Brady threw for 287 yards in his record 23rd career playoff win, but completed only 18 of 38 passes (his 47.4 completion percentage was a career low in the postseason) and matched his regular-season total with two interceptions.
“Just very inconsistent for us all the way around,’’ said Brady. “We just didn’t do enough in any area . . . We just didn’t do a great job executing. The turnovers hurt us . . . We’re going to have to play better than we did tonight on offense.’’
“A lot of mistakes,’’ echoed Belichick. “We threw the ball right to them. We fumbled it. We have to do better than that.’’
This game certainly was not as easy as the final score makes it seem. With less than a minute to go in the first half, the prohibitively-favored Patriots led by a single point. Frozen Foxboro folk were forced to stay in their seats and social media buzzed with the crazy notion that we might be watching the Revenge of the Tomato Cans. It was still a one-score game early in the fourth, but gradually, the Pats restored order to the Foxboro Football Universe. Brock Osweiler proved to be predictably beatable and the Patriots tacked on a couple of late scores to assure victory and cover the whopping pointspread (16).
New England becomes the first team in NFL history to play in six consecutive conference championships bouts.

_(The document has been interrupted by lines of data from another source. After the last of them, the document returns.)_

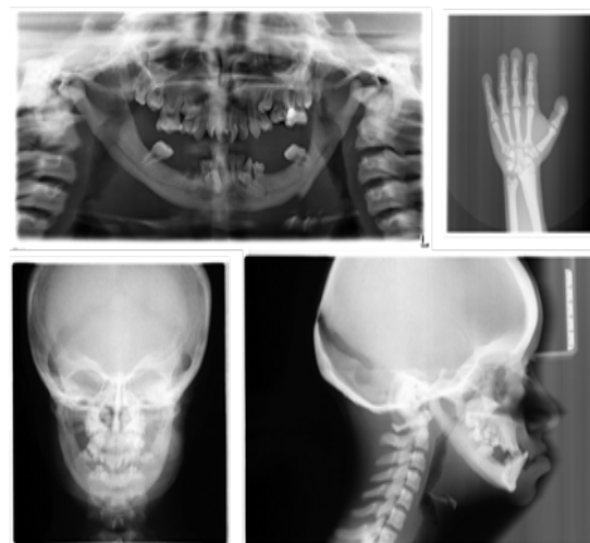
Figure 2. Radiographs of case 1.
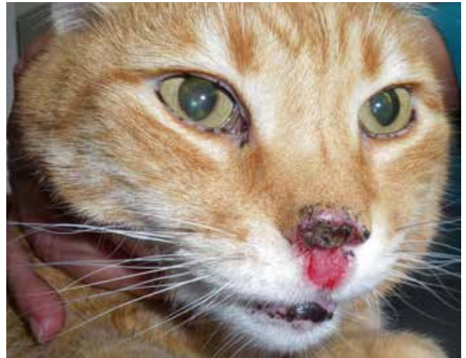
Figure 3. Invasive and ulcerative squamous cell carcinoma affecting the nasal planum and upper lip in a DSH cat.
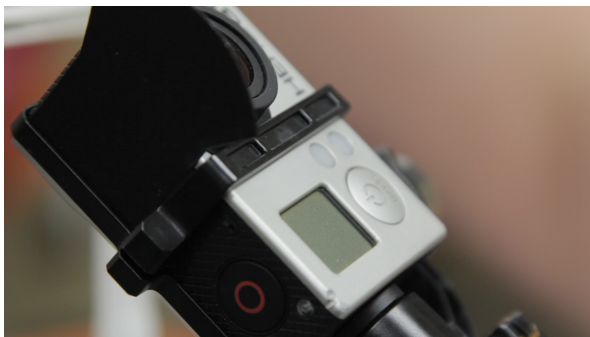
Step 4: Place the retaining bar over the GoPro and lens hood. Install screws.
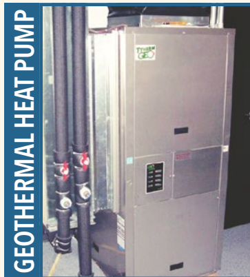
GEOHERMAL HEAT PUMP

A date on the Super Bowl stage with commissioner Roger Goodell has been the Patriots’ singular goal since the Commish punished and embarrassed Brady and the intransigent Pats brass in the Deflategate debacle that started two years ago this month. Belichick and Brady break a record every time they win a playoff game in 2017, but nothing short of another Lombardi Trophy will fulfill the mission statement of this Patriot team.
They were lucky to draw Houston in their playoff opener. The Texans were quite likely the most disrespected playoff team in the history of North American professional sports. In 2017, it’s popular for teams to claim, “Nobody gave us a chance,’’ but if any of the Texans said this on Saturday, they would have actually been telling the truth. Nobody gave Houston a chance. Nobody. And for good reason. New England outscored Houston by an aggregate 150-49 in the last four meetings at Gillette.

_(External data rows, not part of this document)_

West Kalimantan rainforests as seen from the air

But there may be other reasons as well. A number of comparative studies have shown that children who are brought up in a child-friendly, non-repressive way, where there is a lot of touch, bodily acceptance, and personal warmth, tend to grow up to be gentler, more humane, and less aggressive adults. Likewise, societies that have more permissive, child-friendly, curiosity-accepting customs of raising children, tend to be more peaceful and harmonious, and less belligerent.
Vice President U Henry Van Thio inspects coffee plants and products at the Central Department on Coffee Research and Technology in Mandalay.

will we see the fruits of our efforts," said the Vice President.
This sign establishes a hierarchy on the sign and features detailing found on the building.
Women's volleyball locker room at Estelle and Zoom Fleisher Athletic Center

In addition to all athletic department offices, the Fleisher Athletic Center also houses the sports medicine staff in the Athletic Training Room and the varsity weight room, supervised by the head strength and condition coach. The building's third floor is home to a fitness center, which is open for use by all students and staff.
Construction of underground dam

It was a frosty 28 degrees at kickoff. The Patriots burst to a 7-0 lead in the sixth minute on a 13-yard catch-and-run by Dion Lewis (three touchdowns). The “drive’’ covered 65 yards in two plays and took all of 43 seconds. Degree of difficulty: a Blutarsky-esque 0.00.
After a field goal by the Texans, Lewis made it 14-3 with an electric 98-yard kickoff return. It was the first kickoff return TD in Patriots playoff history.

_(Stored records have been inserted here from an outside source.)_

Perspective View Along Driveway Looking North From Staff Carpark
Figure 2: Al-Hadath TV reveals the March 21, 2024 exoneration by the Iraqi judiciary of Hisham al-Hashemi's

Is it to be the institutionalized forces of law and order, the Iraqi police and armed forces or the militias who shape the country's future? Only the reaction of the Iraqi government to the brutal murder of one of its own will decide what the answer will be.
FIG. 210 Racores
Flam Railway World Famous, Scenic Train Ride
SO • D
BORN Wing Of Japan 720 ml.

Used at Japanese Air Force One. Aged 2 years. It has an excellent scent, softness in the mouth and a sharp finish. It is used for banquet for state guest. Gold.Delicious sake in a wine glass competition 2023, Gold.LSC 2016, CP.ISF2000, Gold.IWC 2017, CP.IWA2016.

The rest of the first half was largely a disaster for the Patriots. A Brady interception and a Lewis fumble enabled the Texans to cut the lead to 17-13 at halftime.
Ordered was restored to the Patriot universe early in the third when Brady floated a 19-yard TD pass to James White to finish a 90-yard drive and make it 24-13.
The momentum did not stick. Brady was intercepted for a second time in the final minute of the third quarter as a restless Nation wondered what in the name of Mike Holovak was going on. Houston converted the turnover into a 46-yard field goal, cutting the Pats’ lead to 24-16 in the first minute of the fourth quarter.
It did not stay a one-score game for long. The Pats took charge over the final 14 minutes. But nobody felt great when it was over.
“I think we’ve just got to learn from it,’’ said Brady. “It doesn’t feel great. We have to fix the things we did tonight and try to play better next weekend.’’
Wonder if Goodell makes the trip down Route 1 for the AFC Championship game?